2.16. L'interessato ha proposto ricorso al Tribunale
amministrativo regionale per il Lazio, insistendo nella propria tesi
- argomentata anche mediante richiami alla giurisprudenza
costituzionale - secondo cui la fattispecie si sarebbe perfezionata,
e il diritto sarebbe maturato, prima dell'entrata in vigore delle
norme abrogatrici.
2.17. Il Ministero dell'economia si e' costituito nel giudizio di
primo grado, resistendo al ricorso.
3. Con sentenza 8 marzo 2023, n. 3831, il Tribunale
amministrativo regionale per il Lazio ha respinto il ricorso,
compensando le spese di lite.
In particolare, secondo il Tribunale, il diritto alla percezione
del premio sorgerebbe solo con il collocamento a riposo del militare,
pertanto non poteva ritenersi «quesito» al momento in cui sono
entrate in vigore le norme abrogatrici. Per la stessa ragione, la
disciplina sopravvenuta non potrebbe ritenersi incostituzionale per
lesione del legittimo affidamento dei dipendenti.

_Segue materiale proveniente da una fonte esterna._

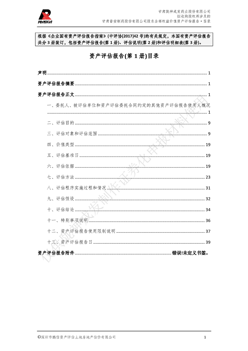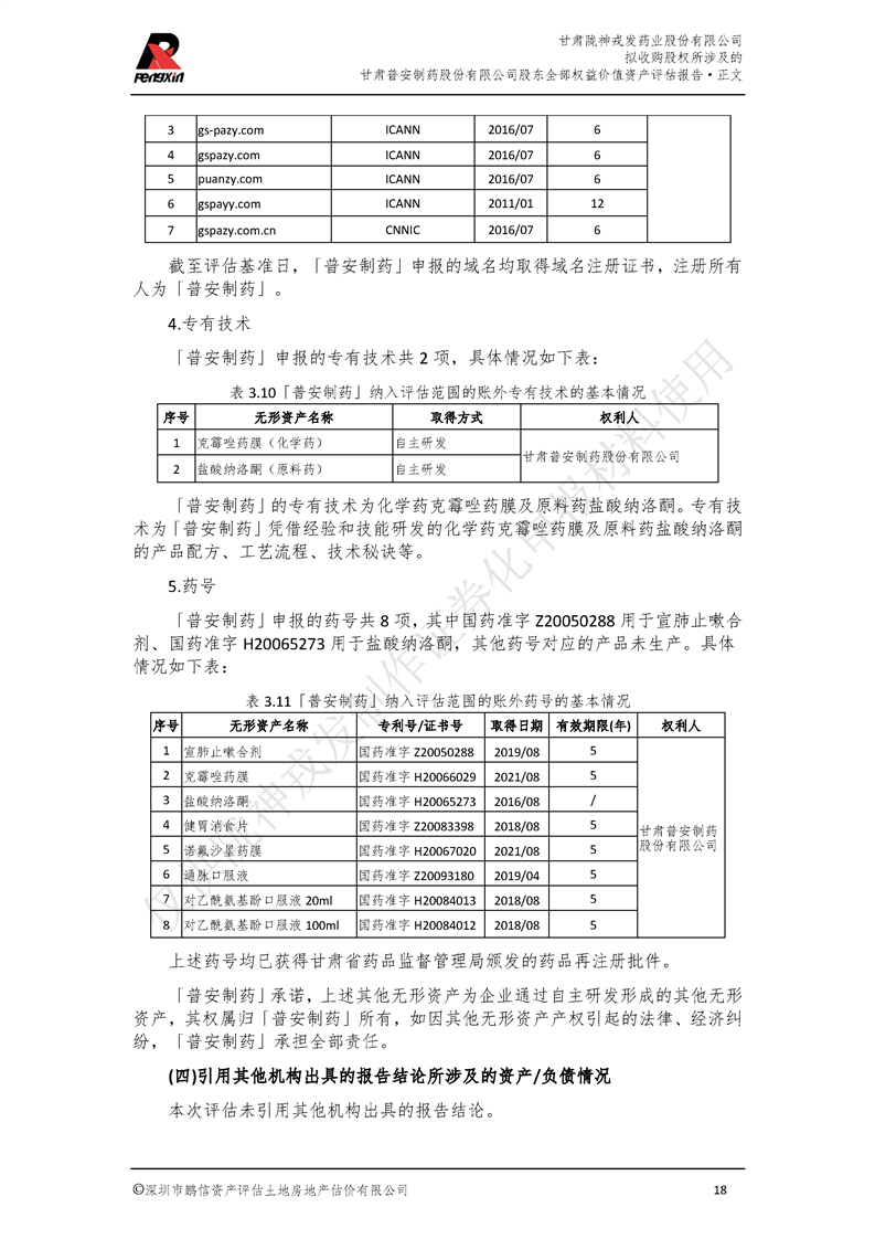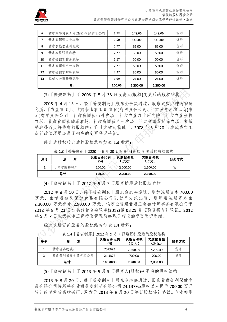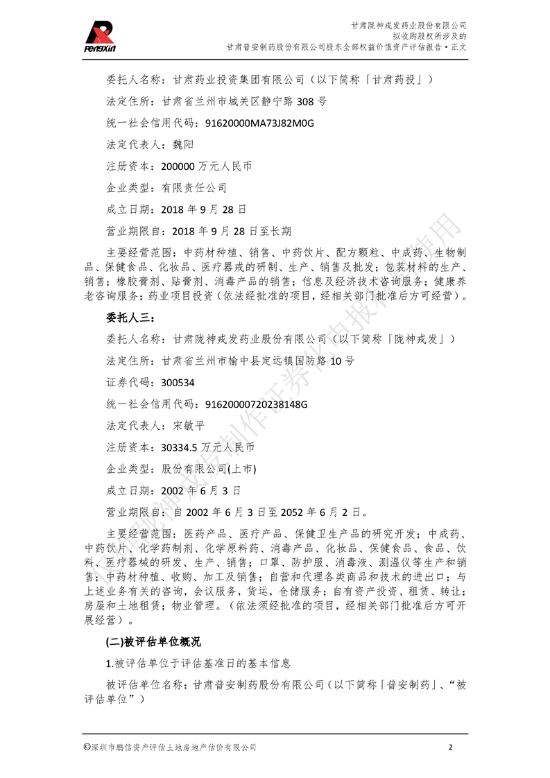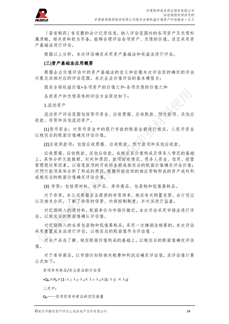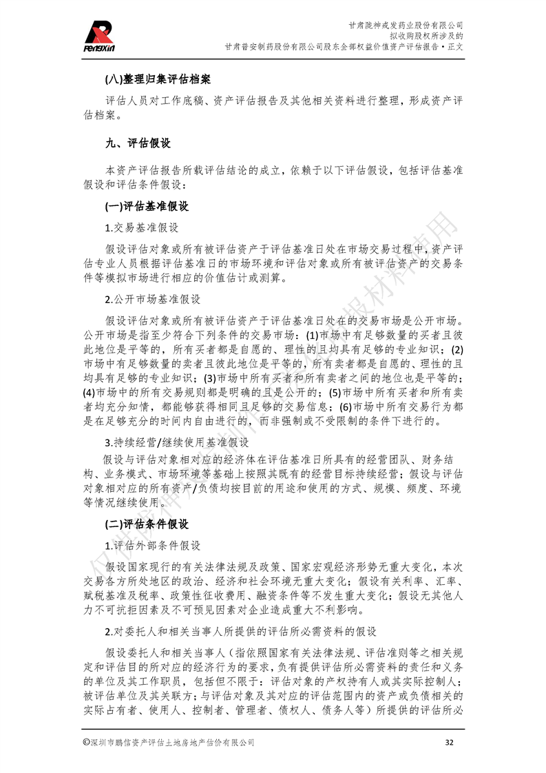 甘肃普安制药股份有限公司全部权益价值资产评估报告-鹏信资评报字[2022]第S152号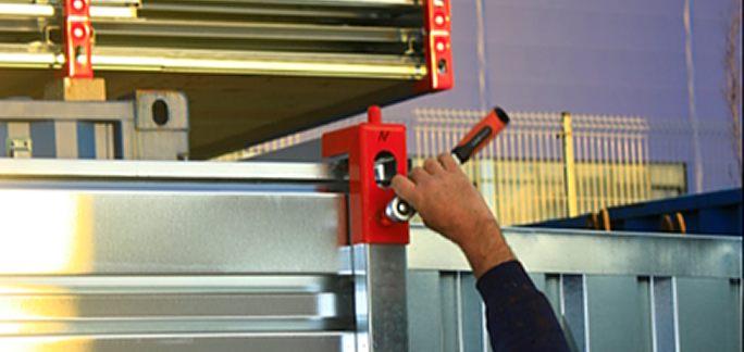 • A polclábakat függőlegesen a konténer oldaltábláihoz rögzítsük úgy, hogy a láb egyik végét a padlón, a másikat pedig a tetőn kialakított profilba csúsztatjuk (lásd polc kialakítása). A beszerelt polclábak tetszőlegesen, a használattól függően alakíthatók ki. A polctartó láb terhelhetősége darabonként max. 70 kg.

4. Il militare ha proposto appello contro la decisione, deducendo
i seguenti motivi:
I) carenza, illogicita' e contraddittorieta' di motivazione
in ordine al vizio di eccesso di potere;
II) illogicita' della motivazione in ordine alla violazione
dell'art. 2186, comma 1, del decreto legislativo 15 marzo 2010 n. 66,
(che a sua volta aveva abrogato dapprima gli art. 1, 2 e 4 e quindi
anche l'art. 3 della legge n. 42/2000) e dell'art. 11 delle
diposizioni sulla legge in generale.
4.1. Nel giudizio di secondo grado si e' costituito il Ministero
dell'economia, chiedendo il rigetto dell'appello, anche con memoria
depositata il 4 marzo 2026.
4.2. All'udienza pubblica del 14 aprile 2026 la causa e' passata
in decisione.
5. In via preliminare, si osserva che la giurisprudenza, tanto
amministrativa, quanto costituzionale, si e' pronunciata in piu'
occasioni sul «premio antiesodo» e sulla relativa abrogazione: sia
con riferimento ai controllori di volo (Corte costituzionale, 5
luglio 2022, n. 169), sia soprattutto rispetto ai piloti delle Forze
armate, il cui caso risulta pressoche' analogo a quello di specie (e
per i quali e' stata sollevata questione di costituzionalita' da
Cons. Stato, sez. II, 21 marzo 2023, n. 2881, che e' stata giudicata
fondata da Corte costituzionale, 11 dicembre 2023, n. 216).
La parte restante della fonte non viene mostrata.